Software tool for in-space printing of reliable parts

R. Bhowmik, S. Jha
Polaron Analytics,
United States

Keywords: machine learning, additive manufacturing, data analytics, planform, images

Summary:

We are customizing our in-house cloud-based data analytics platform, MatVerse, for automatic inspection of the additive manufacturing (AM) process both in one and zero gravity conditions to enhance reliability. The MatVerse platform utilizes machine learning algorithms to analyze structured datasets and provide helpful information in the form of plots and graphs. The users also have the flexibility to download their datasets, calculations, and all the learned models. We are in the process of incorporating a module named "CLADMA" (short form for "cloud additive manufacturing") in the MatVerse platform for analyzing both the structured and unstructured datasets from AM printers.
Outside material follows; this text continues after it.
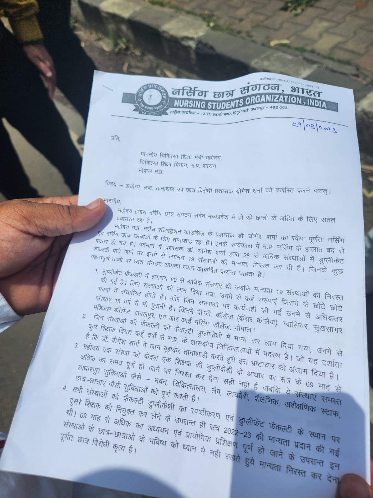 Nursing student organization wrote a letter to Vishwas Sarang : नर्सिंग छात्र संगठन ने चिकित्सा शिक्षा मंत्री विश्वास सारंग को पत्र लिखकर मध्य प्रदेश नर्सेस रजिस्ट्रेशन काउंसिल के प्रशासक डॉ. योगेश शर्मा को बर्खास्त करने की मांग की है। उन्होने कहा है कि इनके कार्यकाल में नर्सिंग के हालाद बद से बदतर हो रहे हैं और वो एक भ्रष्ट, तानाशाह व अयोग्य प्रशासक है। इसी के साथ उनके कार्यकाल में अनियमितताओं का आरोप लगाते हुए उच्च स्तरीय कमेटी बनाकर जांच की मांग भी की है।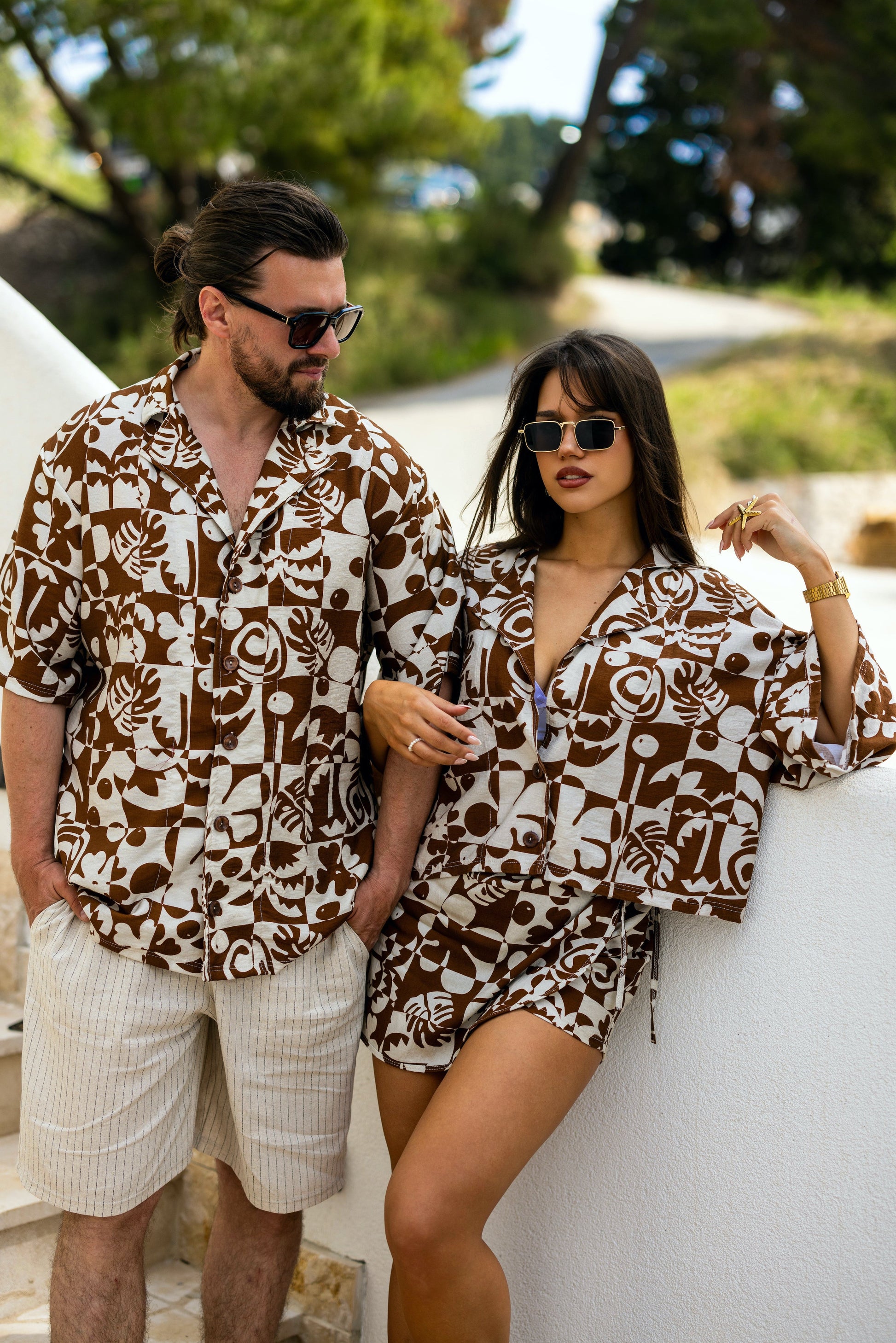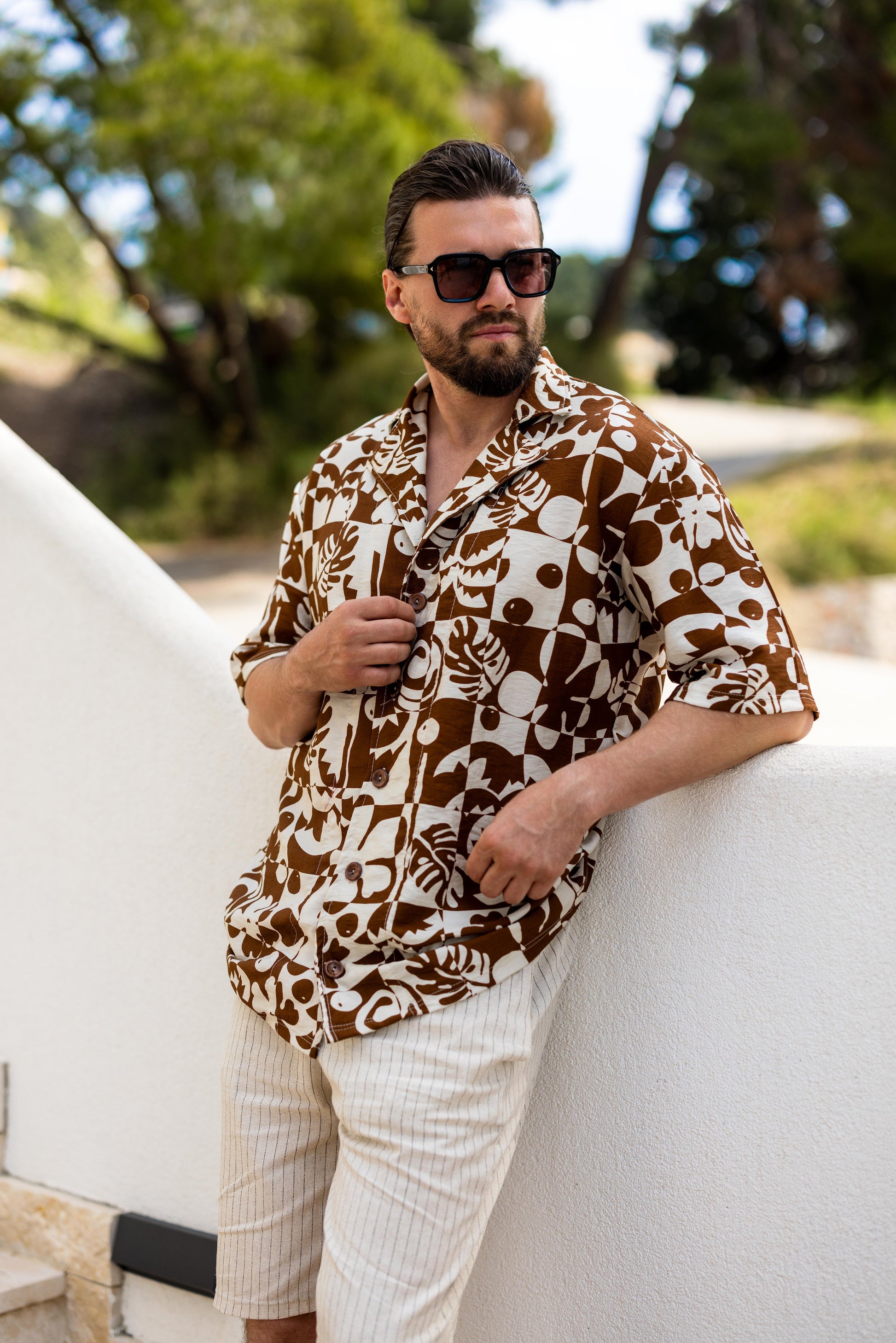 Geometrijsko-botanički print u zemljanim tonovima unosi karakter i prepoznatljivost bez napora.

The module will include all the learned models developed for printing high-quality parts. "CLADMA" will be capable of automatically differentiating flaw-free components from defective components using machine learning methods. We aim to make MatVerse extremely user-friendly such that users with little or almost no experience in data extraction, cleaning, and analysis can easily use it. We recently developed a preliminary deep neural network model using in-situ thermal images generated during printing of coupons on a Fabrisonic printer. The initial model can classify images to differentiate between defect-free and defect-containing parts. We are in the process of capturing more datasets to increase our model's accuracy. For developing a model for the in-space AM process, we are generating datasets in vacuum conditions, replicating a partial space environment. Furthermore, we are conducting initial conversations with various launch and satellite providers to successfully place a miniature Fabrisonic machine in an on-orbit (in-space) condition with the goal to generate additional datasets for optimizing the learned models for printing reliable parts in zero gravity conditions. The final deep learning model will be beneficial for printing defect-free components for satellites or spacecrafts. We will implement the learned model in the "CLADMA" module for easy use. The on-orbit printer with the MatVerse platform will also be helpful for on-demand printing of nano- and micro-satellites.